En d’autres termes, de nombreux auteurs considèrent que la mise en oeuvre de la RSE, en tant que transformation majeure, nécessite un processus descendant, “top-down”, donnant une place majeure aux managers. Dans cette perspective, on peut considérer que l’absence de traitement des récompenses des salariés dans les articles étudiés peut être simplement dû au fait que les auteurs se sont concentrés sur les enjeux les plus capitaux, ceux concernant le top-management et son leadership.

Mais cela peut devenir compliqué lorsqu’il s’agit de convaincre les différents acteurs du capitalisme et d’essayer de mettre en oeuvre ce nouvel esprit, alors qu’il existe un vaste fossé entre les managers et leurs employés sur ces questions d’incitations.

Le capitalisme 2.0 nécessite une approche “bottom-up”

Nos analyses montrent que la RSE présente les traits fondamentaux d’un “esprit du capitalisme” : elle introduit des changements dans la pratique, fait des recommandations sur l’implémentation de ces changements, et énonce les avantages que peuvent en tirer les entreprises, les managers et les employés.
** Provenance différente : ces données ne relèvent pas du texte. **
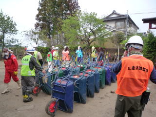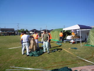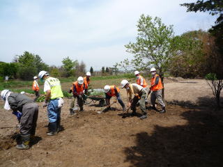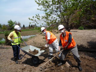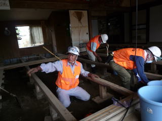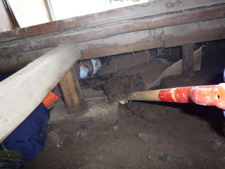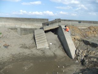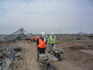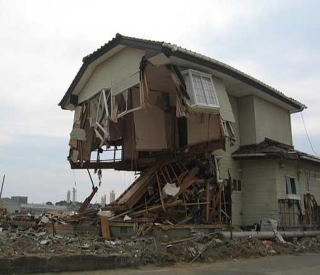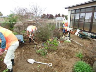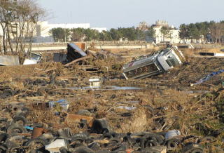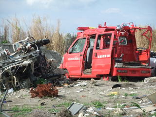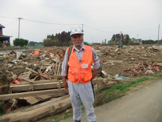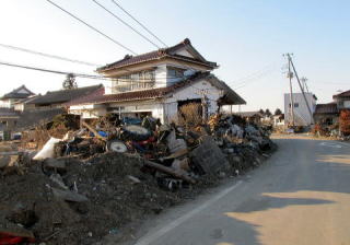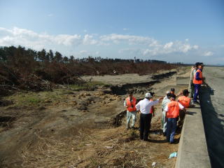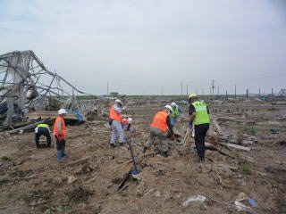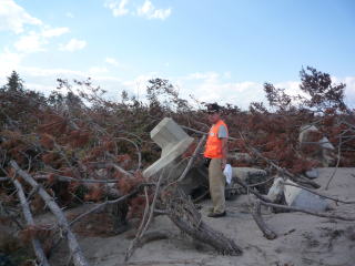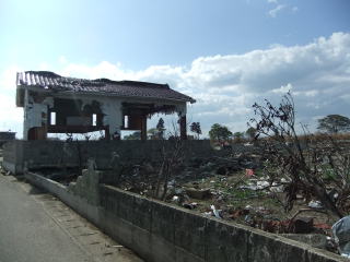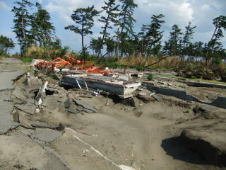 ●ガレキの状況と立ち枯れの進む樹木(遠景)

Les théoriciens et gourous de la RSE ne tiennent pas particulièrement au maintien d’un statu quo, mais demandent des réformes et essayent d’influencer le management actuel des entreprises, soutenant qu’une nouvelle forme de capitalisme pourrait faire partie de la solution, tout comme la forme actuelle fait partie intégrante du problème.

Cependant, deux aspects de ce nouvel esprit du capitalisme restent peu commentés. Il semble que l’on apporte trop peu d’attention à la sécurité des individus au sein même des organisations, et des inégalités y persistent, notamment en terme de rémunération et de considération.

En d’autres termes, jusqu’à présent, ce nouvel esprit du capitalisme a été introduit à travers une approche essentiellement “top-down”, de haut en bas. Cela a conduit à une conception assez inhabituelle de l’équité : là où les managers en charge de la stratégie RSE reçoivent des incitations financières, la récompense à laquelle peuvent prétendre les salariés ne va pas plus loin qu’une simple satisfaction symbolique de prendre part à une grande cause. La politique RSE pourrait alors être vue par le salarié comme un moyen d’augmenter les rémunérations des dirigeants mais pas les leurs.

En bref, l’incarnation actuelle de l’esprit du capitalisme fondé sur la RSE peut réussir à produire de la valeur de façon collective à la fois pour les entreprises et la société dans son ensemble, mais elle ne permet pas d’inclure les employés dans le processus de création et d’incitation.

Un nouvel esprit du capitalisme est donc encore en cours de développement. Cependant, si l’on espère un vaste changement sur le long-terme, il faut placer les salariés au centre de cette stratégie essentielle. En adoptant une approche “bottom-up”, de bas en haut, ce nouveau système se verra plus aisément réalisé.